Что же касается её самой, то в Бога она не верила. Нет, она понимала, что что-то свыше, наверное, существует, потому что полностью точного научного объяснения возникновению жизни до сих пор дать не удалось. Но она не верила, что существует Кто-то, сеем можно поговорить, кому можно помолиться, чего-то попросить, и с полной уверенностью лагать в завтрашний день. Она не верила во все эти церковные обряды, о которых была наслышана. Она не понимала людей, толпившихся у храмов в Пасху. Она не раз видела в Москве эти столпотворения, причём не только на Пасху, но и на другие праздники, отмечающиеся в этом православном уголке. А её прилёты частенько совпадали с этими торжествами.
Конечно, к Библии она иногда обращалась, потому что много чего интересного оттуда вынести было можно. Хотя бы та история с младенцем, глаголющим истину. Но воспринимать её как учебник по религии она не собиралась.
И вот выяснялось, что бывшая глава московского филиала – глубоко религиозный человек. Но этот человек хотел убить и её, и Президента. Хотел согрешить. Конечно, Джулия не сомневалась, что это был бы не единственный его грешок, однако это не отменяло того, что маска верующего на нём смотрелась довольно глупо. Или же то была не маска, а искреннее помешательство. Желание убивать за свои убеждения.
Виталий был безумен, а потому считал безумными тех, кто его окружал.
Он не умел распоряжаться деньгами, которые получал филиал. Или умел, но желал использовать их в личных целях. Поговаривали, он купил себе дачу и дорогой автомобиль. И ещё что-то в этом духе. Ну и как это сплеталось с православным верующим?
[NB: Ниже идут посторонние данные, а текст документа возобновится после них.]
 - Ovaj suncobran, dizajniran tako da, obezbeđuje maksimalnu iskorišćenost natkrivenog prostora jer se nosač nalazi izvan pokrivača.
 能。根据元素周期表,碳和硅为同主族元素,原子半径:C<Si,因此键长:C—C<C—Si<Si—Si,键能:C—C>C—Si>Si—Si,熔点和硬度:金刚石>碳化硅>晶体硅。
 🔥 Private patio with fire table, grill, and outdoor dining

Будь он действительно таким, он мог бы пустить деньги на благотворительность, на постройку церкви в селе каком-нибудь. А он снова согрешил, решив удовлетворять собственные потребности, не думая о других.
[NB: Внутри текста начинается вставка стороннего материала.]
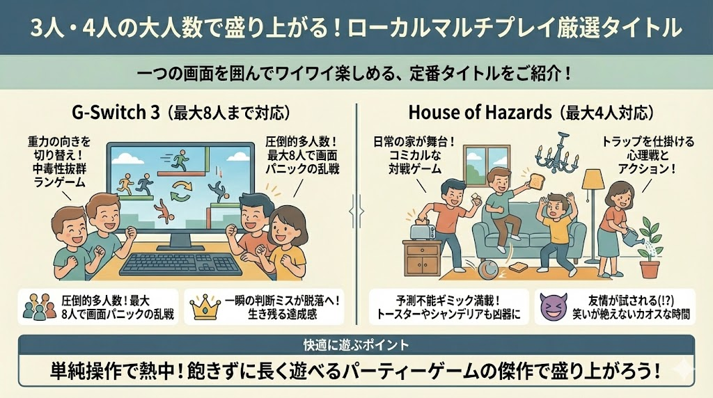 しかし、膨大なタイトルの中から、3人や4人で同時に遊べるマルチプレイ対応作品を探し出すのは意外と時間がかかるものです。

– Он считает, что делает всё на благо общества, – говорила Глаголева. – Что он спасает людей от корпорации Хранителей.
– Устроил второе пришествие? – нервно усмехнулась Джу.
– Вполне возможно.
Всё-таки верующие и вправду были какими-то помешанными. Стремящимися к идеалам.
В этом их интересы совпадали с интересами корпорации. Штука в том, что идеалы у них были разные. И каждый считал, что его идеалы – самые правильные.
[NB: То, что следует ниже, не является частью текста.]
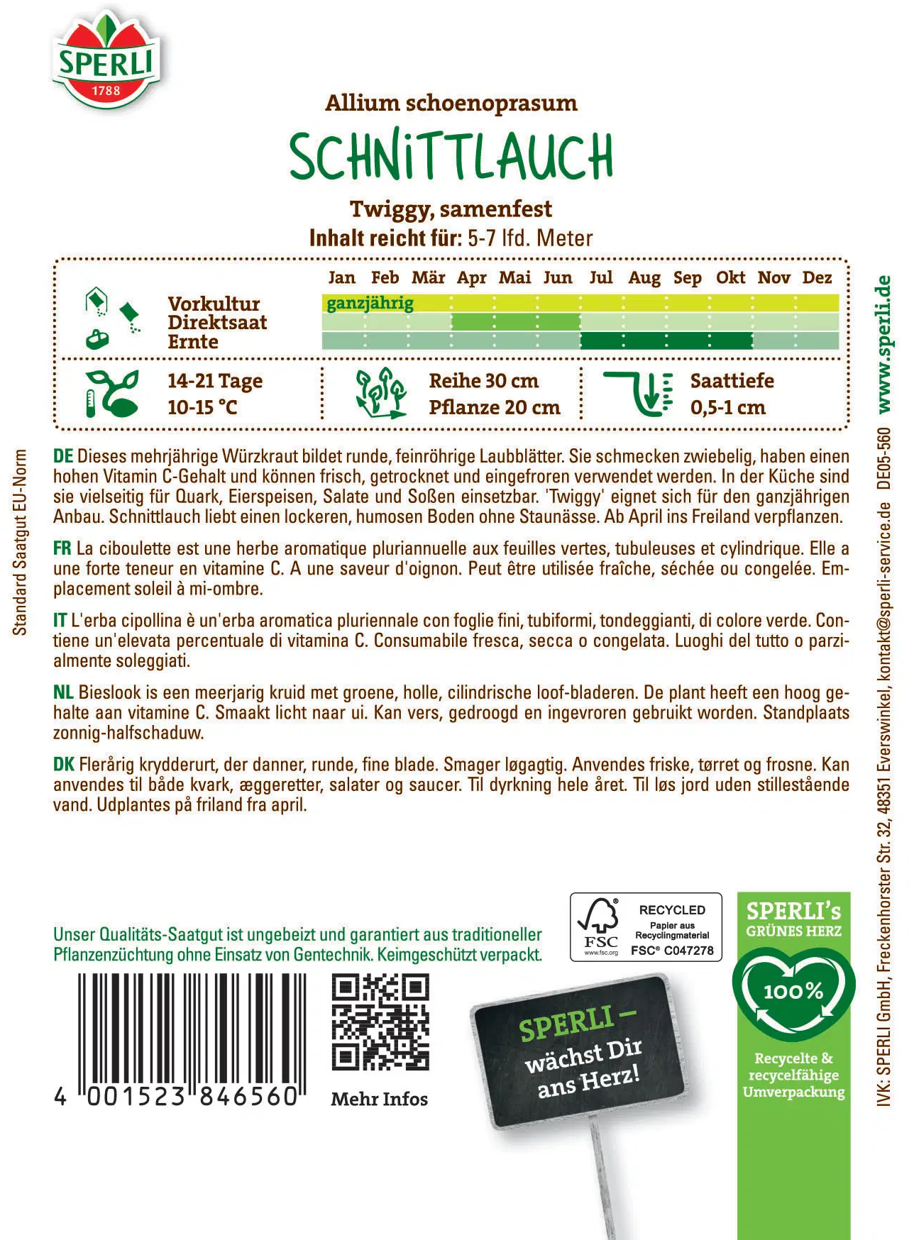 El cebollino 'Twiggy' de Sperli es una hierba aromática perenne ideal para macetas o parterres. Sus finas hojas tubulares verdes tienen un sabor fresco a cebolla y son ricas en vitamina C, perfectas para ensaladas, salsas o sobre pan. Twiggy crece de forma fiable en lugares soleados o de semisombra y puede sembrarse en macetas durante todo el año o al aire libre de abril a junio. La época de cosecha es entre julio y octubre.

Теперь необходимо было оценить масштаб бедствия. А именно – осознать, сколько людей встало на сторону Виталия Игоревича.
– Среди моих друзей, насколько мне известно, никто не считает его авторитетом и никогда не считал, – призналась Алина. – Они все скорее бы на каторгу пошли, чем на службу этому клоуну в перьях.
– Не слышали никаких разговоров, заговоров, обсуждений? – поинтересовалась Джулия и покосилась в сторону Президента. Аманда не могла их сейчас понять, но если бы знала этот заковыристый, как ей казалось, русский язык, то наверняка бы поддержала эту беседу.
Ведь в Штабе творилось почти что то же самое. И пока они обвиняли Москву в беспорядках, у них самих был такой хаос, который тоже необходимо было разгребать.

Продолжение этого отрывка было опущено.